It’s the question many young people are often asked – what are you going to be when you grow up?
Not everyone knows the answer, even after completing Year 12, but Bega Valley Shire Council might be able to provide some with answers as they prepare to offer Council Traineeships giving school leavers a chance to live in their own community and have a fulfilling career.
Dillon Aldridge completed his two-year Water and Sewerage Services traineeship with Bega Valley Shire Council 10 years ago in 2011.
“I finished Year 12 and it just came up at the right time,” he said.
“I didn’t really have a clear goal of what I wanted to do at the time so I decided to apply for the traineeship.
“I didn’t really want to leave my family – we’re all pretty close. I enjoyed staying close to the community and giving back where I can,” said Dillon.
He said the traineeship gave him on-the-job training while he also studied for his Certificate III in Water and Sewerage Operations.
“I didn’t have any experience in plumbing,” said Dillon.
“And I was fresh out of school, but the guys were really good and they made me feel like a valued team member right from the start.
“Starting out was a little bit daunting – a lot to take in – and to be honest I’m still learning the system. You never stop learning in this job.
“I’m really glad that I stuck with it because I’ve learned a lot and now I’m an experienced team member and studying for my Certificate IV.”
Dillon said the traineeship was a great opportunity to learn, putting him through all due processes and certifications he needed while learning on the job.
“For young people, it’s a great leg up to getting a career locally. It’s good to have it close to home.”
Council’s Assets and Operations Director Anthony McMahon said the traineeship program works well for school leavers, but also for local businesses and industries.
“We’re introducing a regular flow of skilled, willing and qualified workers into the local business community,” said Mr McMahon.
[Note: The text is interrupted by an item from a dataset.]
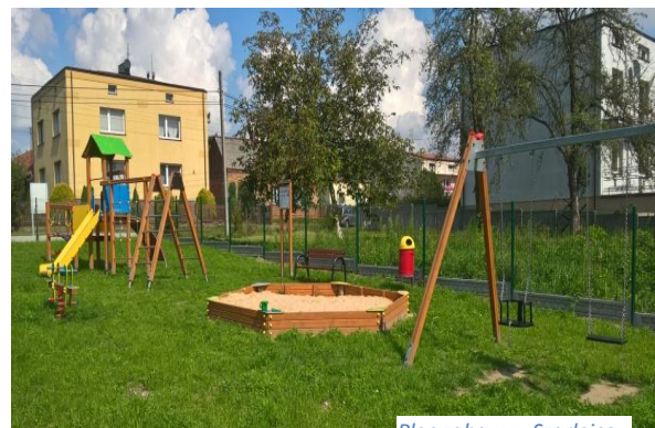
Plac zabaw w Szarlejce

“While it’s known that regional living provides limited opportunities for young people we often forget to mention the other problem of skills shortages in local industries.
“We train school leavers up as trainees, cadets and apprentices. Some, like Dillon, stay and forge successful careers with Council, and others take their skills and use them locally.
“An investment in a trainee is an investment in our community on many levels, and we’re really happy to be offering another round of traineeships this year in the Water and Sewerage Services area.
“We’ll be advertising for up to five traineeship positions and one electrical apprenticeship this month. If, like Dillon, you are a school leaver or young person unsure of which direction your career will take, we encourage you to consider this as a great chance to live and work locally.
Dillon Aldridge hopes to pass on some of what he’s learned in his time as a trainee and full-time team member.
“There’s so much to this job and with the right training, you get to experience a wide range of tasks and responsibilities from installing new water mains to repairing broken ones in the middle of the night.
“There’s a good feeling you get when you know the work you are doing is for the people in the community. It’s great to be giving the environment a little help too.”
The latest round of traineeships will be advertised on Bega Valley Shire Council’s Careers at Council page, with further information about Council’s training programs.